┌──

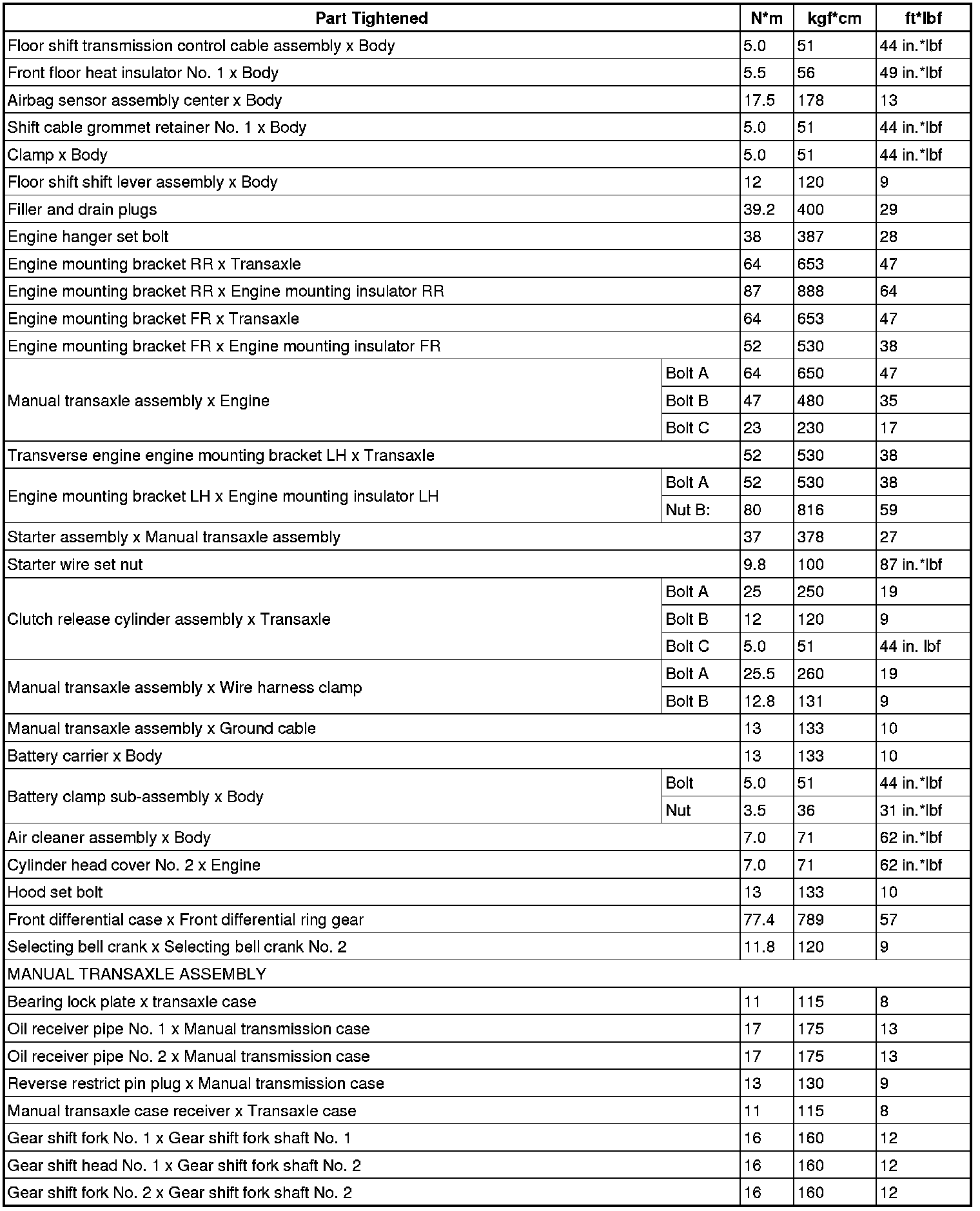 SERVICE SPECIFICATIONS: C59 MANUAL TRANSAXLE:
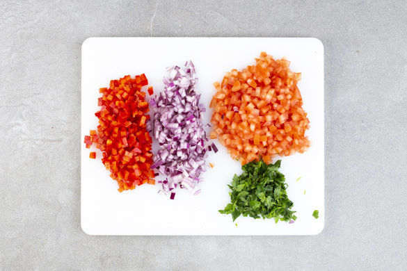 Die Paprika halbieren, entkernen und in ca. 0,5cm kleine Würfel schneiden. Die Tomaten ebenfalls in ca. 0,5cm kleine Würfel schneiden, dabei den Strunk entfernen. Die Zwiebel schälen, halbieren und fein würfeln. Die Petersilie samt Stängeln fein hacken.
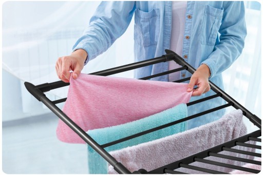 ✅Kiedy nie jest używana, suszarka składa się do niewielkich rozmiarów, dzięki czemu nie zajmuje dużo miejsca. Idealna dla małych mieszkań i domów z ograniczoną przestrzenią.
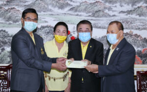 图二:荣誉主席王金国王吴金凤伉俪赞助赈济贫民活动经费五十万铢,由黄迨光主席接领,沙通区长攀萨见证。
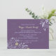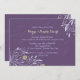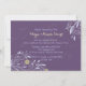 Une invitation élégante avec des volutes et des fleurs abstraites gracieuses dans la teinte la plus légère de lavande sur un fond prune plus profond. Convient à pratiquement toutes les occasions heureuses.
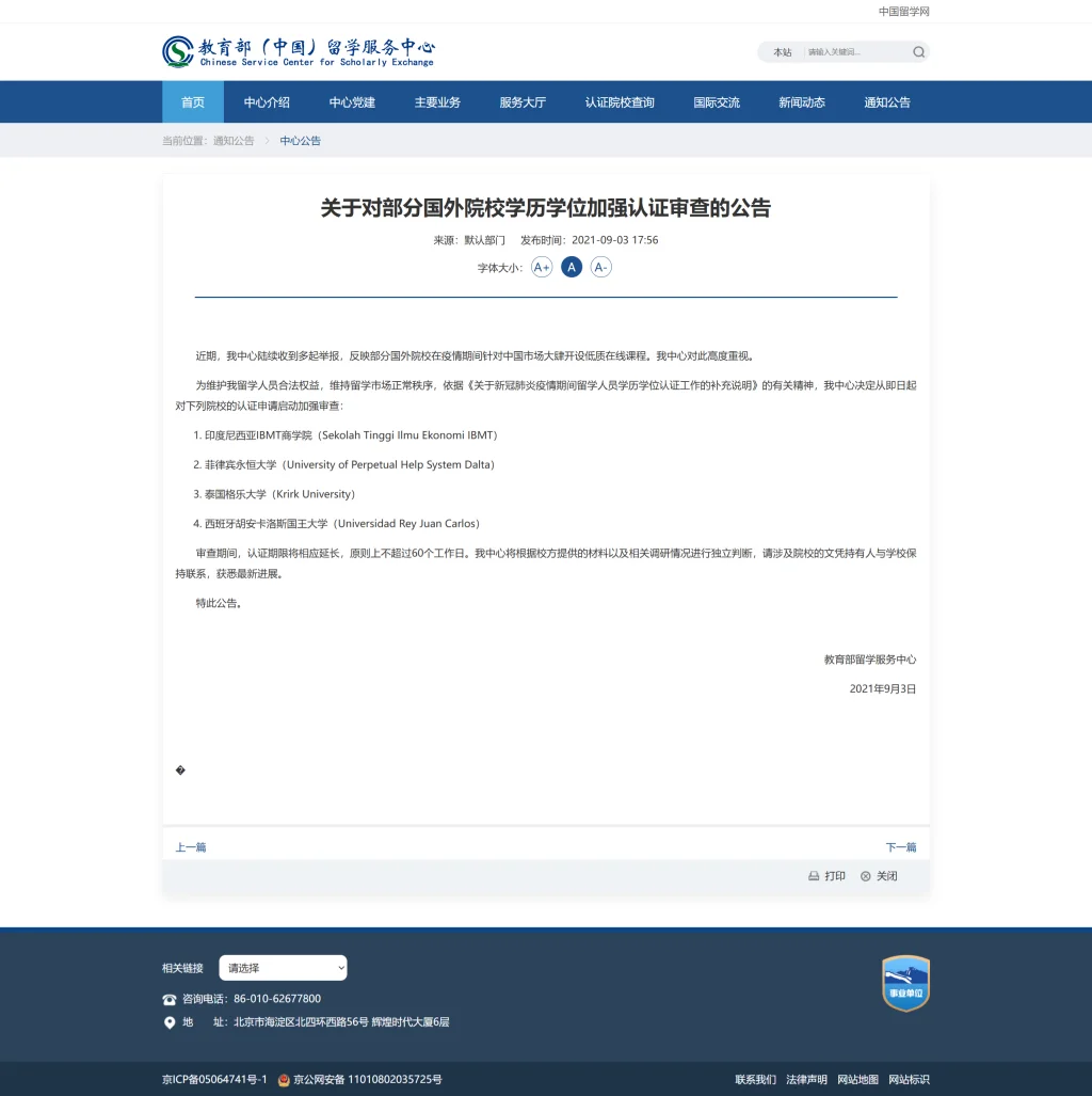 澎湃新聞記者查詢發現,教育部留學服務中心官網曾於2021年9月3日發佈《關於對部分國外院校學歷學位加強認證審查的公告》:近期,我中心陸續收到多起舉報,反映部分國外院校在疫情期間針對中國市場大肆開設低質在線課程。我中心對此高度重視。

└──

> _TASK REQUIREMENTS_: Recopy the whole listing above precisely, excluding images.

> _WRITTEN RESPONSE_:
 SERVICE SPECIFICATIONS: C59 MANUAL TRANSAXLE:
 Die Paprika halbieren, entkernen und in ca. 0,5cm kleine Würfel schneiden. Die Tomaten ebenfalls in ca. 0,5cm kleine Würfel schneiden, dabei den Strunk entfernen. Die Zwiebel schälen, halbieren und fein würfeln. Die Petersilie samt Stängeln fein hacken.
 ✅Kiedy nie jest używana, suszarka składa się do niewielkich rozmiarów, dzięki czemu nie zajmuje dużo miejsca. Idealna dla małych mieszkań i domów z ograniczoną przestrzenią.
 图二:荣誉主席王金国王吴金凤伉俪赞助赈济贫民活动经费五十万铢,由黄迨光主席接领,沙通区长攀萨见证。
 Une invitation élégante avec des volutes et des fleurs abstraites gracieuses dans la teinte la plus légère de lavande sur un fond prune plus profond. Convient à pratiquement toutes les occasions heureuses.
 澎湃新聞記者查詢發現,教育部留學服務中心官網曾於2021年9月3日發佈《關於對部分國外院校學歷學位加強認證審查的公告》:近期,我中心陸續收到多起舉報,反映部分國外院校在疫情期間針對中國市場大肆開設低質在線課程。我中心對此高度重視。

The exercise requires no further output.